PROBLEM TO SOLVE: Write out the data word for word and drop any picture you find.

THE DATA:
━━━━━━━━━━━━━━━━
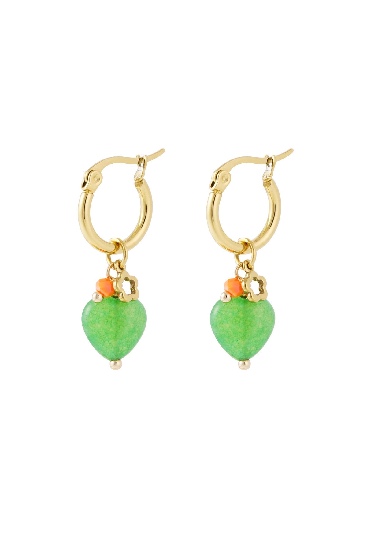 Oorbellen met hartje en bloem. Leuke kleine oorbelletjes met hartje en een groene bloem. Materiaal: stainless steel, steen, kristal en hematiet. Lengte 3,1 cm. Verkrijgbaar in goud en zilver.
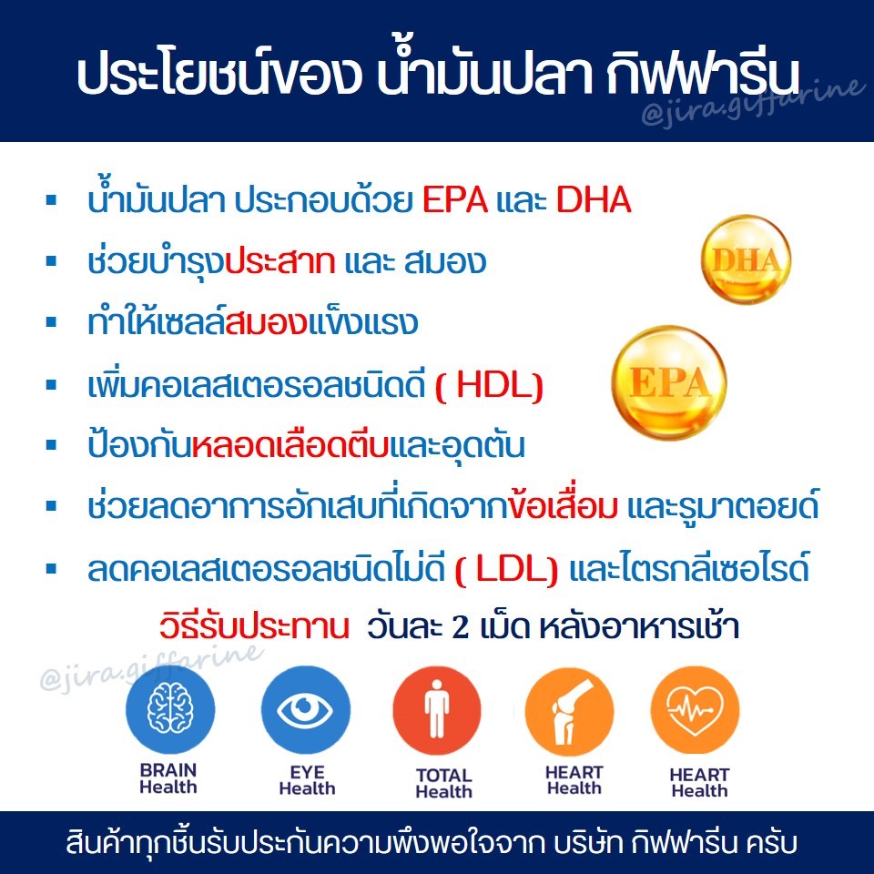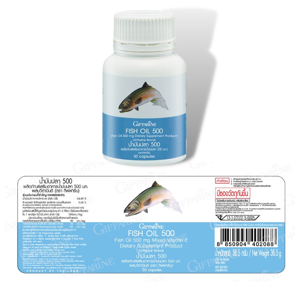 น้ำมันปลา กิฟฟารีน GIFFARINE Fish oil (ขนาด 500 มก.บรรจุ 50 แคปซูล)
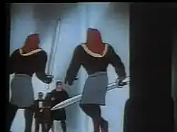 Sensing that the needle missed, the sarcophagus opens and a light from the dead king's jeweled amulet awakens his giant guards. The guards attack Clark, Lois, and the professor. Clark is thrown into a sarcophagus, where he quickly changes into Superman. As Superman, he defeats the giant guards and saves Lois and the professor from a grim demise by fire.
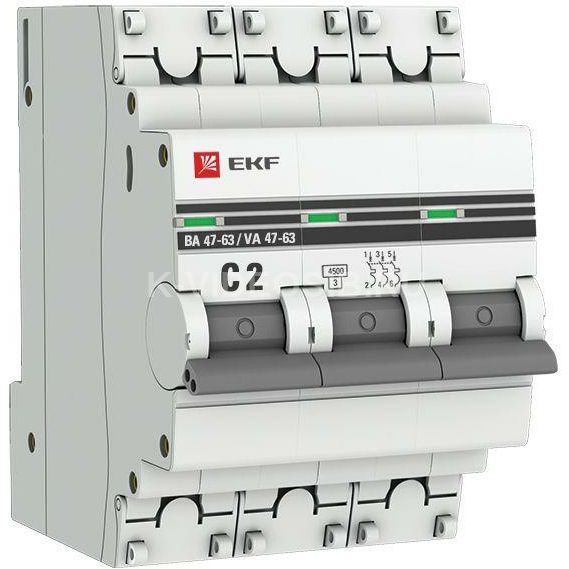 Описание Выключатель автоматический модульный 3п C 2А 4.5кА ВА 47-63 PROxima EKF mcb4763-3-02C-pro
━━━━━━━━━━━━━━━━
YOUR RESPONSE:
 Oorbellen met hartje en bloem. Leuke kleine oorbelletjes met hartje en een groene bloem. Materiaal: stainless steel, steen, kristal en hematiet. Lengte 3,1 cm. Verkrijgbaar in goud en zilver.
 น้ำมันปลา กิฟฟารีน GIFFARINE Fish oil (ขนาด 500 มก.บรรจุ 50 แคปซูล)
 Sensing that the needle missed, the sarcophagus opens and a light from the dead king's jeweled amulet awakens his giant guards. The guards attack Clark, Lois, and the professor. Clark is thrown into a sarcophagus, where he quickly changes into Superman. As Superman, he defeats the giant guards and saves Lois and the professor from a grim demise by fire.
 Описание Выключатель автоматический модульный 3п C 2А 4.5кА ВА 47-63 PROxima EKF mcb4763-3-02C-pro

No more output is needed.